Provided data:

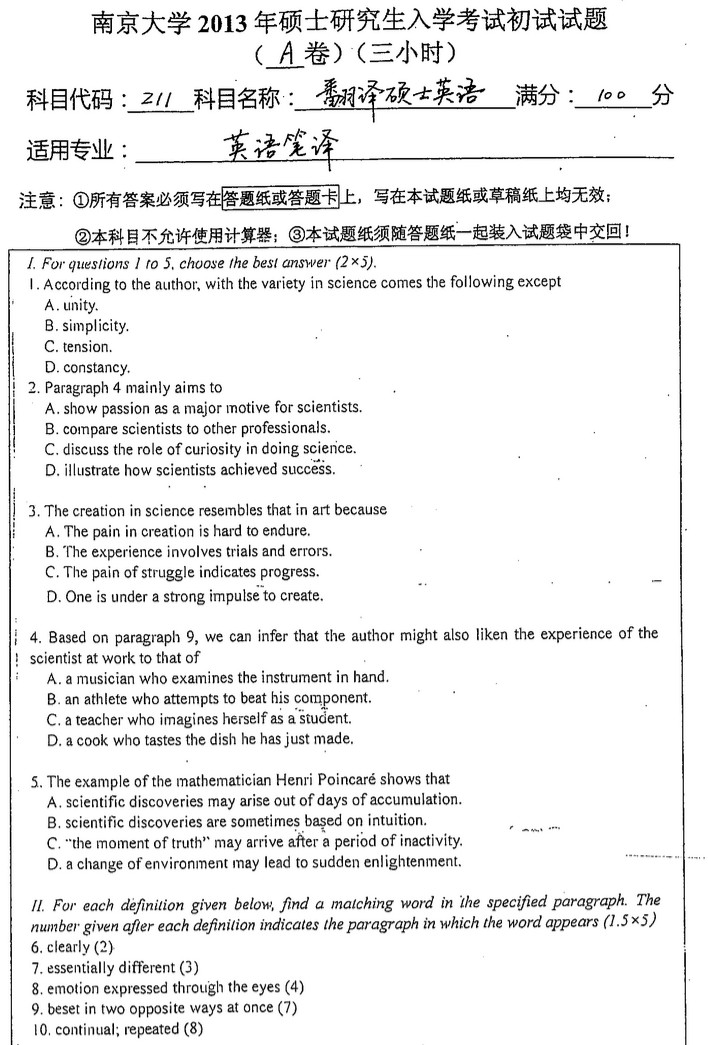 南京大学2013翻译硕士MTI翻译硕士英语211考研真题(5)
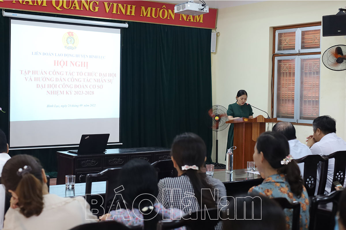 Thực hiện chương trình công tác năm 2022, sự chỉ đạo của Ban Thường vụ Liên đoàn Lao động (LĐLĐ) tỉnh, sáng 24/9, LĐLĐ huyện Bình Lục tổ chức hội nghị tập huấn công tác tổ chức đại hội và hướng dẫn công tác nhân sự ban chấp hành tại đại hội công đoàn cơ sở (CĐCS) nhiệm kỳ 2023-2028 cho các đồng chí là chủ tịch, phó chủ tịch các CĐCS trực thuộc.
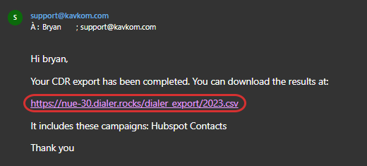 Once the file has been generated, you’ll receive an e-mail at the address indicated, with the sender’s address “support@kavkom.com”.

Aim of the task: Return, exactly as they stand, the lines from the opening line of the listing through the line with "Thực hiện chương", both ends counted, and no pictures.

Solution for this exercise:
 南京大学2013翻译硕士MTI翻译硕士英语211考研真题(5)
 Thực hiện chương trình công tác năm 2022, sự chỉ đạo của Ban Thường vụ Liên đoàn Lao động (LĐLĐ) tỉnh, sáng 24/9, LĐLĐ huyện Bình Lục tổ chức hội nghị tập huấn công tác tổ chức đại hội và hướng dẫn công tác nhân sự ban chấp hành tại đại hội công đoàn cơ sở (CĐCS) nhiệm kỳ 2023-2028 cho các đồng chí là chủ tịch, phó chủ tịch các CĐCS trực thuộc.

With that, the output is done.